North Carolina Gov. Roy Cooper issued an executive order Monday closing public schools until May 15, with a tentative plan to reopen May 18. The executive order also put further restrictions on businesses, shutting down many types of recreation and personal grooming-based businesses across the state. It also banned people from visiting nursing homes and assisted living facilities.
State leaders are in talks to make sure that teachers and school staff receive their pay while schools are closed, Cooper said in the press conference live streamed from Raleigh Monday afternoon.
“We would like all of the school employees to get paid during the duration. That is what I have asked the superintendent and state board to come forward with, is a plan to do that,” Cooper said.
Teachers and non-certified staff are still working remotely at this time. In Hoke County, teachers are using online resources, Chromebooks and iPads to communicate with students and educate them at home. Hoke Schools are also delivering meals to bus stops to help feed children.
Officials are working on plans to eliminate mandated testing, waive the missed school days and make sure the Class of 2020 can still graduate, Cooper said.
The state also plans to provide assistance for people affected by the COVID-19 response. There have been over 110,000 applications for unemployment insurance benefits in the last week compared to the usual 3,000 a week, the governor said, most likely related to the order to close restaurant and bar dining rooms.

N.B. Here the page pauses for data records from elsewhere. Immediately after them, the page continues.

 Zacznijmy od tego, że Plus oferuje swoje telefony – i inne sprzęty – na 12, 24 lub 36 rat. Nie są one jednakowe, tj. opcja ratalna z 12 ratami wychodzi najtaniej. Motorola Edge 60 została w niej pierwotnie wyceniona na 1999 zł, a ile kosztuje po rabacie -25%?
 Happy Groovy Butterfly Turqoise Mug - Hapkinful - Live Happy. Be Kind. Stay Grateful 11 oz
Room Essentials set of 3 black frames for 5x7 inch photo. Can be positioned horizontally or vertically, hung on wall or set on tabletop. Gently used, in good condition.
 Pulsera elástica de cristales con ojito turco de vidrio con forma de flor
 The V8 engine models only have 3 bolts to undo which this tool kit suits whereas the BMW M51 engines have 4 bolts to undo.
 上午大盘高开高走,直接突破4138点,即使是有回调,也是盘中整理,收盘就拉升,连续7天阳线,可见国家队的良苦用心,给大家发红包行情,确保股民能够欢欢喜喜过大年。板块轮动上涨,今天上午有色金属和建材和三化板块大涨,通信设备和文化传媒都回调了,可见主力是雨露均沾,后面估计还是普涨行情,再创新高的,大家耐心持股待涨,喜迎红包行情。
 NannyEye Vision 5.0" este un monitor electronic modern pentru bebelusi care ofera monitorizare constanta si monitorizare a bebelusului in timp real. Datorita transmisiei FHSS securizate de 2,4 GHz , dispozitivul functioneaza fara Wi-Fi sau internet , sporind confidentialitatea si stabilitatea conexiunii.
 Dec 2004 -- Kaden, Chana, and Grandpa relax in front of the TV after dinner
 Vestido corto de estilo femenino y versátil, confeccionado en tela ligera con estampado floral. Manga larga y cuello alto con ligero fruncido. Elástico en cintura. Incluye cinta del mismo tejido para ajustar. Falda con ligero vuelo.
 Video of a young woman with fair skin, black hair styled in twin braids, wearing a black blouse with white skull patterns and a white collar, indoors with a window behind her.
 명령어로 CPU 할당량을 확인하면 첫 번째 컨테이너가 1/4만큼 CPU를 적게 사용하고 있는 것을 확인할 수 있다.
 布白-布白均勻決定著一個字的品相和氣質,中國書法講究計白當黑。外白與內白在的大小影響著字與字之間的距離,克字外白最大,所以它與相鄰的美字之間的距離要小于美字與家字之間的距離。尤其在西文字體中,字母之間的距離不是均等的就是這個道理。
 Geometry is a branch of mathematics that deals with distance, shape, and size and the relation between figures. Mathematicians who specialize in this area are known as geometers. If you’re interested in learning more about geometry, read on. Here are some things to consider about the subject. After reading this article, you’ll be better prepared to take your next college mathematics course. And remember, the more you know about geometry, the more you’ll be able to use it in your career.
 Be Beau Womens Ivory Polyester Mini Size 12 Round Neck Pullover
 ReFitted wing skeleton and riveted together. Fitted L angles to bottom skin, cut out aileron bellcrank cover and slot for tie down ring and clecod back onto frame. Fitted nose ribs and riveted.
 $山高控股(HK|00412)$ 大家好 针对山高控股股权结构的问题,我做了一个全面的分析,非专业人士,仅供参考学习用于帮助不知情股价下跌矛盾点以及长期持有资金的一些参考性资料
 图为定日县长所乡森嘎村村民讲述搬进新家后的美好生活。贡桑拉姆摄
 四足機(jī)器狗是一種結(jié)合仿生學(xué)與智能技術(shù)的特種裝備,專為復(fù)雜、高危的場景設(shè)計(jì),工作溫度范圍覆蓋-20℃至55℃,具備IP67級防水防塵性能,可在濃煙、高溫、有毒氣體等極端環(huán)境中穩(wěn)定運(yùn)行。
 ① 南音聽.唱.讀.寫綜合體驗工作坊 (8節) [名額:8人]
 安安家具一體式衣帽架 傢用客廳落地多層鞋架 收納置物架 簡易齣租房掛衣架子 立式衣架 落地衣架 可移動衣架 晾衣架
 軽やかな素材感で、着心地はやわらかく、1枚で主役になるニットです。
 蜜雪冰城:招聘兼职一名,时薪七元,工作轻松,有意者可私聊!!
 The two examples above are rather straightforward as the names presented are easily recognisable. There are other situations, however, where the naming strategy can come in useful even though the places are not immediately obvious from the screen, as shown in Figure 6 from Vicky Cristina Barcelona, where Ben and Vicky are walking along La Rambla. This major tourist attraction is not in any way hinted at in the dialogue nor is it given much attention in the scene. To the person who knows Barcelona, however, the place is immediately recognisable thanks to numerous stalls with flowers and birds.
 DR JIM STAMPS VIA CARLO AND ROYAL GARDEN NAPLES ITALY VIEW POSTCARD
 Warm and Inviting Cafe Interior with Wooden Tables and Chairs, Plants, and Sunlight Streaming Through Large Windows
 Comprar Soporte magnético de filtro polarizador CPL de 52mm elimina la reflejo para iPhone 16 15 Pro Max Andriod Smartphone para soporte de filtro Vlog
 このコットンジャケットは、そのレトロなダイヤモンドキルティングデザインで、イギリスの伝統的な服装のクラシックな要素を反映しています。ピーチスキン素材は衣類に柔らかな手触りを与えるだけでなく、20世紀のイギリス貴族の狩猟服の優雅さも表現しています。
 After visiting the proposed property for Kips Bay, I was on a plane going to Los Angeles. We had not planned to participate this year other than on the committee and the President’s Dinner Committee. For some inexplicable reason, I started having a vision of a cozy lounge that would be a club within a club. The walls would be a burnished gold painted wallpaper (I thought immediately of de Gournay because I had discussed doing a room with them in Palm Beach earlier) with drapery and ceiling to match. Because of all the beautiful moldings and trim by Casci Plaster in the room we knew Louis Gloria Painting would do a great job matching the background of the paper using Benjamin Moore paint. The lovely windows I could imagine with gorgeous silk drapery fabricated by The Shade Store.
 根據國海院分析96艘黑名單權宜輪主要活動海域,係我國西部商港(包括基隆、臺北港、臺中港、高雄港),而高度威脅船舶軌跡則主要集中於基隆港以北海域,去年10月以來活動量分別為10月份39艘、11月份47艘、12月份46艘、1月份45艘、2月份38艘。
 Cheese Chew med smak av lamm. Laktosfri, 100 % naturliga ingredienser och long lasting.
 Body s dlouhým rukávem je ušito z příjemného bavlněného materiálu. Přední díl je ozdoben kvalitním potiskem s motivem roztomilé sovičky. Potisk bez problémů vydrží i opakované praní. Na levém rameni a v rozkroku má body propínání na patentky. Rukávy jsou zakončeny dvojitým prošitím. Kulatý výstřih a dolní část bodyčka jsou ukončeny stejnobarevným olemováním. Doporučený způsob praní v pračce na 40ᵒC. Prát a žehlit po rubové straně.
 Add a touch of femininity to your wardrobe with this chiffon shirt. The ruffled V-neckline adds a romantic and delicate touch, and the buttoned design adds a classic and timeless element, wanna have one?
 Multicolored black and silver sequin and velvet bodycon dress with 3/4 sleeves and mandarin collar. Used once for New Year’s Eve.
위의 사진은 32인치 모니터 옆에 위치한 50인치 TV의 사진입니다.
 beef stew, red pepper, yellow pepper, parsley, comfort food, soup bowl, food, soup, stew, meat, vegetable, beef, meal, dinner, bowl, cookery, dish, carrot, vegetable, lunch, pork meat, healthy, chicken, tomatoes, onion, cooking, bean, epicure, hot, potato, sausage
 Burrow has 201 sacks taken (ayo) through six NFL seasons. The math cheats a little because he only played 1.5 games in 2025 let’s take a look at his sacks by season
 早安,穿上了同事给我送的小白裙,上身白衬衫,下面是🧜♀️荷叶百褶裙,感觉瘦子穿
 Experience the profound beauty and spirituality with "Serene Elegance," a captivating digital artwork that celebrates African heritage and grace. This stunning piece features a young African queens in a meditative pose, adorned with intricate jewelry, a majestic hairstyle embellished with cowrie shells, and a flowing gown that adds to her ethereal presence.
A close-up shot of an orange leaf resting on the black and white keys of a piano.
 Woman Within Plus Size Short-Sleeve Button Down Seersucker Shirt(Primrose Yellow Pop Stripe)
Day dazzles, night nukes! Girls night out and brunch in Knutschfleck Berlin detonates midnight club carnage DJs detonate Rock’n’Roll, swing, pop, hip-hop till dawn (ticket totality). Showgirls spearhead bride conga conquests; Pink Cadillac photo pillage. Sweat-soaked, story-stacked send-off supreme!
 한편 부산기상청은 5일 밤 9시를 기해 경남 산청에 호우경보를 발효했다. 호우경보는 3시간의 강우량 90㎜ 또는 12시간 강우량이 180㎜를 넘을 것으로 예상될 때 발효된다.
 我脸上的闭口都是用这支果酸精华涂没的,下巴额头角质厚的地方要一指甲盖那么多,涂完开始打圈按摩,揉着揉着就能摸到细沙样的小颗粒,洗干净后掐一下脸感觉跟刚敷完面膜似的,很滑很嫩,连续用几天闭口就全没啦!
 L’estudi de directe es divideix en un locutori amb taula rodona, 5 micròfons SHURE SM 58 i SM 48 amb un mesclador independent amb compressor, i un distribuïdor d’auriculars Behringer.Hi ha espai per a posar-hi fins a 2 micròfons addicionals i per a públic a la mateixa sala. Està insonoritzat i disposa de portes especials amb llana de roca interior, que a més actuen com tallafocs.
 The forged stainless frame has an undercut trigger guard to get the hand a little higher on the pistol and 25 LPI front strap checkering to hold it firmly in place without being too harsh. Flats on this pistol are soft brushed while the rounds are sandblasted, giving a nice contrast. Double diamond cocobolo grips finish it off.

“A lot of families are taking it on the chin,” Cooper said.
The governor additionally ordered many recreational businesses to close by 5 p.m. Wednesday, March 25. The businesses affected by the closure include bingo parlors, bowling alleys, gyms and fitness clubs like yoga studios and martial arts facilities, live performance venues, movie theaters, spas, video game arcades, sweepstakes lounges and roller skating rinks. Personal care and grooming businesses such as hair salons, nail salons, massage parlors, tattoo parlors and barber shops were also ordered to shut down.
The executive order additionally banned visitors from inside nursing homes and assisted living facilities.